Jim Shumate, a native of Wilkes County, North Carolina, made his name as a young fiddler in the 1940s playing with Bill Monroe’s Blue Grass Boys and later with Lester Flatt and Earl Scrugg’s Foggy Mountain Boys. As a fiddler, Shumate pioneered innovations that are still admired and studied by musicians today.
Born on Chestnut Mountain in 1921, Shumate grew up hearing the sounds of his uncle playing fiddle at a neighboring farm. “He just played on his front porch when they got through working in the field,” he recalls. “Why, if the wind was coming in the right direction, I could hear him from our house, and, oh, it was so pretty.” Shumate says he has always liked the sound of a fiddle.
He also listened to the Grand Ole Opry’s premier fiddler, Arthur Smith. Smith’s style emphasized “long-bow” fiddling in which a number of notes are played with each stroke of the bow. “I tried my best to play just like Arthur,” Shumate remembers. In addition to learning bowing techniques, he was also influenced by Smith’s fondness for playing bluesy slides.

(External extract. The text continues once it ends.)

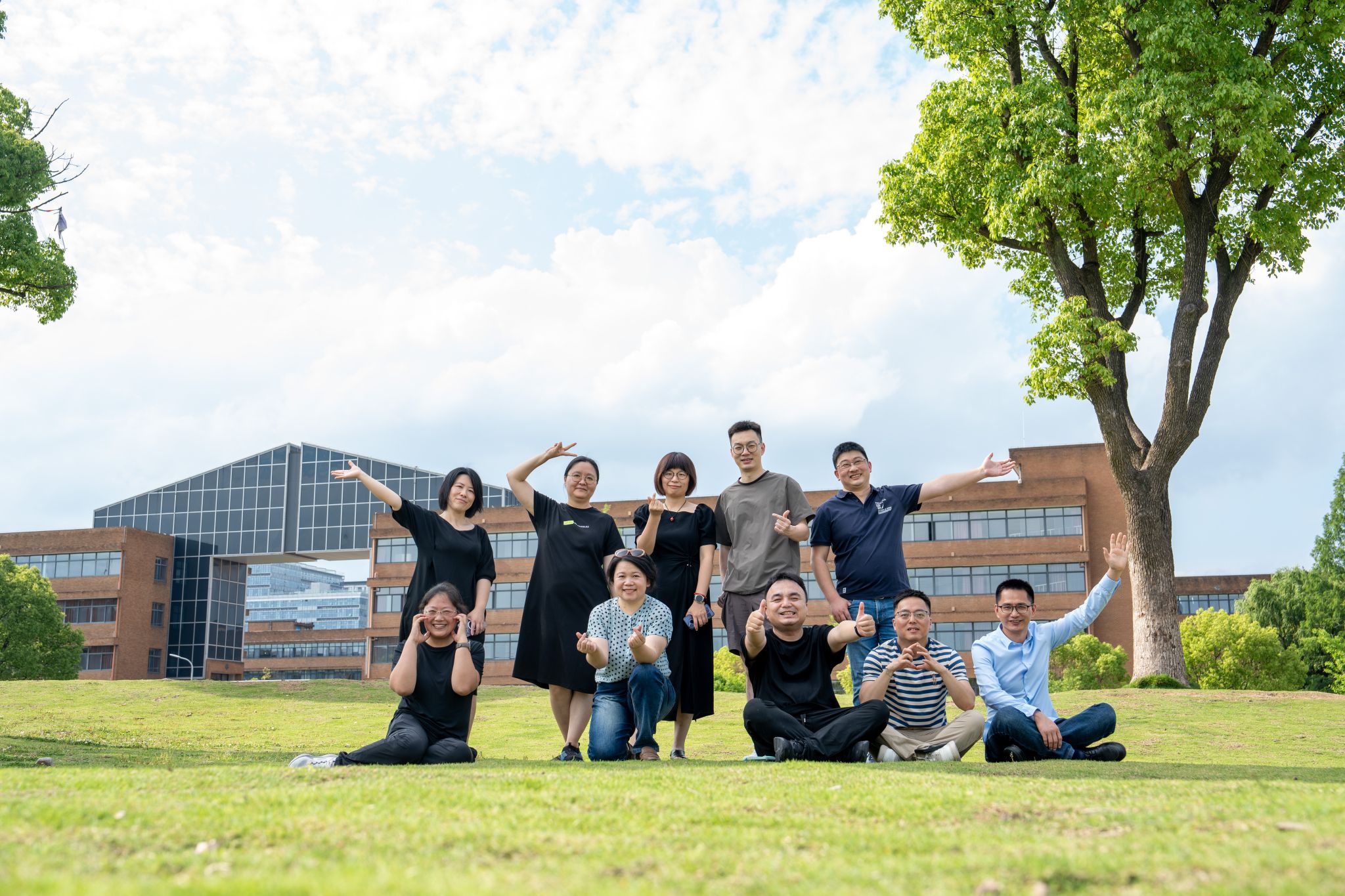 随后,校友们结伴而行,沿着记忆中的校园路线,开启了怀旧打卡之旅。朴素亲切的南天门下,他们驻足仰望,仿佛又看到了当年初入校园时的懵懂与憧憬;绿意如茵的大草坪上,大家席地而坐,回忆着课间休憩时的轻松惬意;古朴的教学楼前,谈论着课堂上老师的谆谆教诲;庄重的包玉书图书馆前,回想起无数个埋头苦读的日夜。每到一处,校友们都迫不及待地拿出手机、相机,将灿烂的笑容定格在镜头里,此刻,相机中的影像与脑海中青春的画面重叠,编织成一幅珍贵的时光画卷。在学院志愿者的热情引导下,校友们走进蓝鲸直播
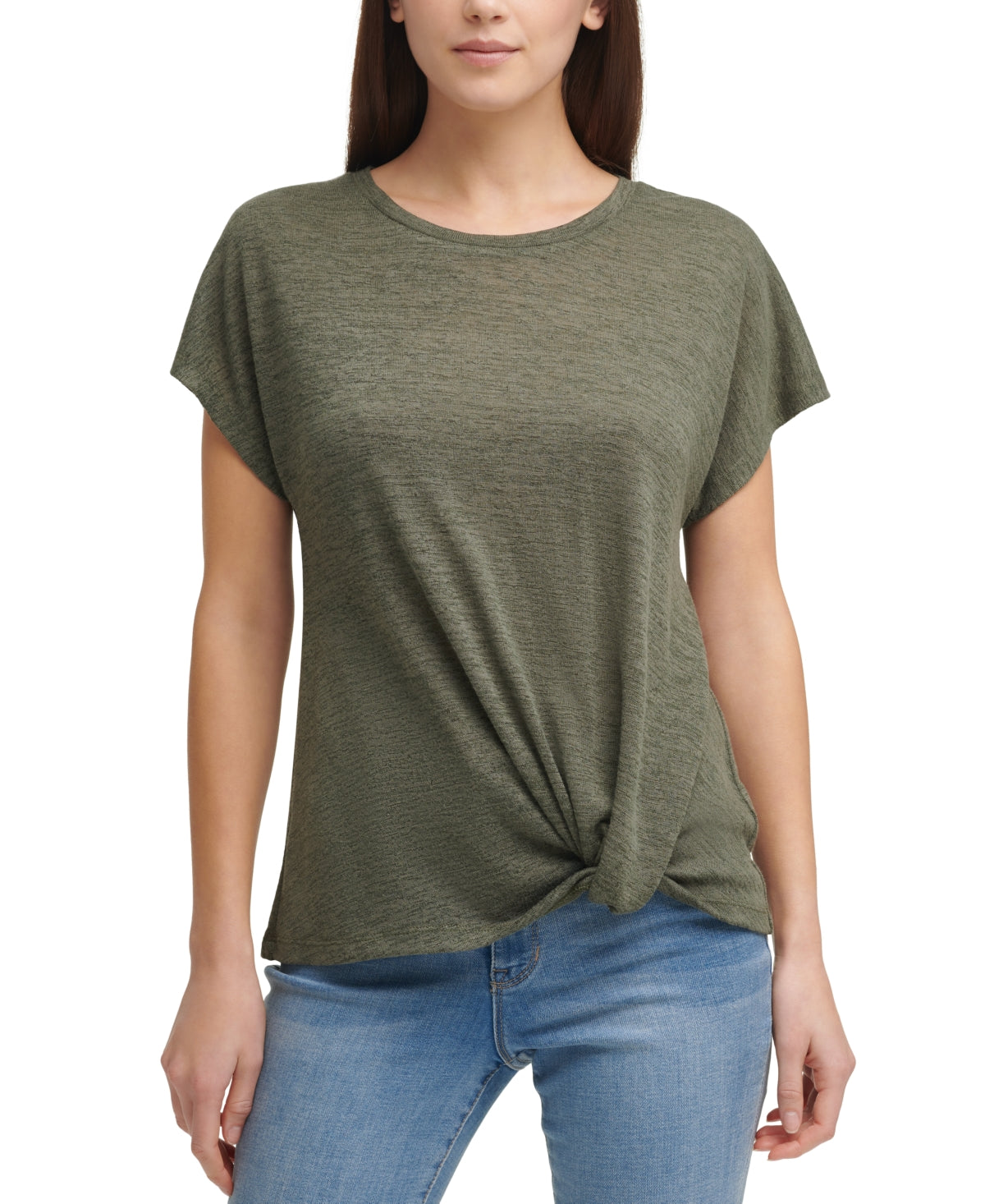 Fit to flatter with a cute front knot and nubby knit texture| this comfortable DKNY top delivers plenty of styling potential.| Crewneck| Imported| Dolman short sleeves| Knot detail at side front hemline|

Self-taught, Shumate began playing the fiddle as a young boy and won his first contest when he was fourteen years old.
As a young man, Shumate moved to Hickory, North Carolina, and went to work in a furniture factory, but was soon playing on the local radio station WHKY with Don Walker and the Blue Ridge Boys.
One day, as Bill Monroe was driving through North Carolina, he happened to tune in to the show and heard Shumate’s fiddling. Shortly thereafter, Shumate received a surprise phone call from the Father of Bluegrass himself asking him to join his Blue Grass Boys.
Monroe’s Blue Grass Boys played each Saturday night on the Grand Ole Opry and spent the rest of the week performing across the South. During these trips Shumate realized the extent of their influence. “Little groups were all over the country and every one of them would be trying to do the same thing we had done on the Opry the night before,” he recalls. “I said, ‘Fellows, we’re making some kind of history, [but] I don’t know what it is.” While working on the Opry, Shumate introduced Monroe’s songs with a fiddle “kick-off” that quickly became standard practice in bluegrass music.
In 1948, Earl Scruggs and Lester Flatt offered him a job with the Foggy Mountain Boys, and Shumate fiddled on the legendary band’s first recording session. That same year, he outplayed some of the country’s best fiddlers to win the National Fiddlers Convention in Richlands, Virginia, giving him the permanent title of Master Fiddler. In 1949, Shumate tired of life on the road and returned to Hickory to work in retail furniture sales; however, he continued to perform and record when his schedule permitted. Over the years, Shumate has recorded old bluegrass standards as well as his own original tunes. All of his recordings are included in the Jim Shumate Collection (Volume 1 and 2) available through Heritage Records in Galax, Virginia.
Shumate’s upbeat, innovative style of fiddling and his stint on the Grand Ole Opry earned him recognition in the Bluegrass Hall of Fame in Nashville, Tennessee. In 1995, his contribution to bluegrass music garnered him the North Carolina Folk Heritage Award given by the North Carolina Arts Council for “excellence achieved through a lifetime of practice.” As one of the pioneers of bluegrass music, Shumate appeared on a TNN special, “Grass Roots to Bluegrass,” in 1999 which highlighted the originators of bluegrass music in an informal jam session hosted by Mac Wiseman. Shumate performed at the first MerleFest in 1988 in his native North Wilkesboro and returned in 2005 to perform along with other former members of Bill Monroe’ Blue Grass Boys.
In addition to his prowess as a fiddler, Shumate is a composer of sacred songs. His favorite, “Old Country Baptizing,” is sung regularly in churches in western North Carolina. Reflecting on his musical talent, he is quick to acknowledge his blessings. “I just thank God for the gift that I have in it. And every day I can play a little better than I could the day before. So that‘s got to be a gift, you know.”
At eighty-nine, Jim Shumate lives in Hickory with Naomi, his wife of sixty-seven years. They enjoy spending as much time as possible at their retreat at his boyhood home place on Chestnut Mountain. A lover of the North Carolina Mountains, Shumate paid tribute to his Chestnut Mountain roots when composing his original tune, “Chestnut Mountain Rag.” He continues to play for family and friends, gives fiddle lessons, and occasionally gives selected public performances. His wife Naomi comments, “He picked up the fiddle when he was a boy and hasn’t put it down.”